For Helen Clergeau, “the SDV trend will bring transformation in the direction of having a software driven lifecycle. Mastering the software platform across carlines will become more important as well as the ability to test the software in virtual environments. The functions will be more and more enabled by software that also has to be managed at the manufacturing line. Software will have its own lifecycle, license and inventory. The software will need to be maintained over a longer time well after end of project to enable updates in particular security compliance but also addition of functions over the vehicle lifecycle”.

“The driver and passenger experience will evolve with the introduction of the software defined vehicle, improving the in-car experience in terms of comfort and safety. Software functions will be able to be activated as requested and the vehicle becomes connected enabling safety relevant functions that can notify for example on road conditions that are not yet visible to the driver”, she concludes.

New paradigm

Belén Andrino, GMV's Director of Business Development and Marketing, states that "the concept of SDV is a new paradigm that redefines vehicles not only as means of transport but also as advanced technological platforms defined and controlled by software. The traditional design with multiple Electronic Control Units (ECUs) to control different functions, evolves towards centralised platforms that allow the integration of resources and reduce technical complexity (especially in terms of wiring) and its associated cost. In this way, the same hardware can be used for several purposes or uses and always be kept up to date through over-the-air (OTA) embedded software updates throughout its life cycle, allowing an unprecedented level of flexibility for manufacturers and users”.

Andrino argues that "this philosophy allows the same hardware to serve multiple purposes and software updates to be carried out over-the-air (OTA), giving vehicles an unprecedented degree of flexibility and customisation. It also has implications for vehicle cybersecurity as we are faced with increasingly complex software and, together with the increase in vehicle connectivity, significantly widens the attack surfaces, forcing the implementation of more advanced and specific cybersecurity mechanisms. In this sense, the VDS provides tools and capabilities to effectively combat these challenges. Moreover, this approach can also integrate solutions based on artificial intelligence (AI), machine learning and cloud computing, among others, facilitating the deployment of functionalities such as predictive maintenance or autonomous driving, thus improving safety and the driving experience".

GMV's representative underlines that "the complexity of the vehicle architecture is reduced by moving from a large number of ECUs to centralised platforms with fewer units. The incorporation of new functions implies the possibility for OEMs to offer subscription models, opening the door to new service-oriented business models. On the other hand, the supply chain is evolving as it establishes new alliances between suppliers, manufacturers, technology companies and start-ups, forcing a redefinition of the relationships between the different players. The possibility of immediate and flexible updates gives unprecedented advantages to driver and passenger experiences as they will always have up-to-date information and functionalities in many different areas, personalised and intuitive, allowing for a much more complete and positive driving experience. On the other hand, this flexibility allows the vehicle to be kept up to date over time, preventing it from quickly losing value by relying on hardware alone. This can also translate into higher customer satisfaction and increased brand loyalty.
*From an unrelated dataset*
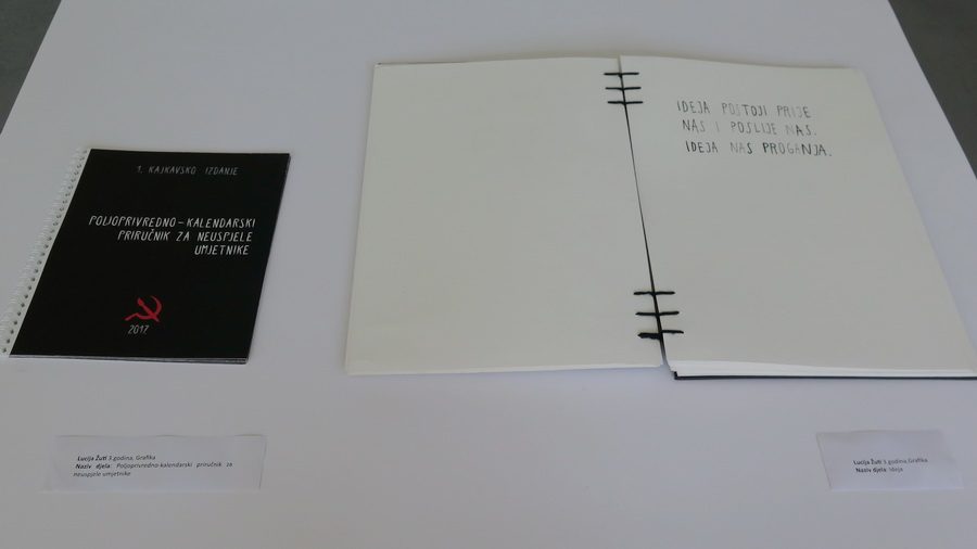 Završna izložba studenata Odsjeka za likovnu umjetnost otvorena je u petak 9. lipnja 2017. u 18 sati u Zgradi kiparstva, Cara Hadrijana 10/A, gdje su bili predstavljeni kiparski radovi. U 19 sati je za posjet bila otvorena i Likovna zgrada, Cara Hadrijana 8/B, s radovima iz slikarstva, kiparstva, grafike i multimedije.

Complexity at the system integration level

Nathaniael Sladek, Vice President, Electronics Business Strategy and Product Management at Marelli, says “generally, we expect more decoupling of hardware from software to support different SDV functions. This likely will lead to a more standard definition of software interfaces like we have on our computer and smart phone today. This will accelerate vehicle software development from an application perspective but adds complexity at the system integration level. We might also see more app stores like options for the vehicle that allow personalization and enhancement of the consumer experience.

Sladek comments that “SDVs are characterized by scalability, upgradeability, and integration capabilities.  Integration with artificial intelligence (AI) is not only possible but increasingly essential. AI can enhance SDV capabilities by enabling advanced driver assistance systems (ADAS), predictive maintenance, and personalized user interfaces that learn driver preferences over time”. 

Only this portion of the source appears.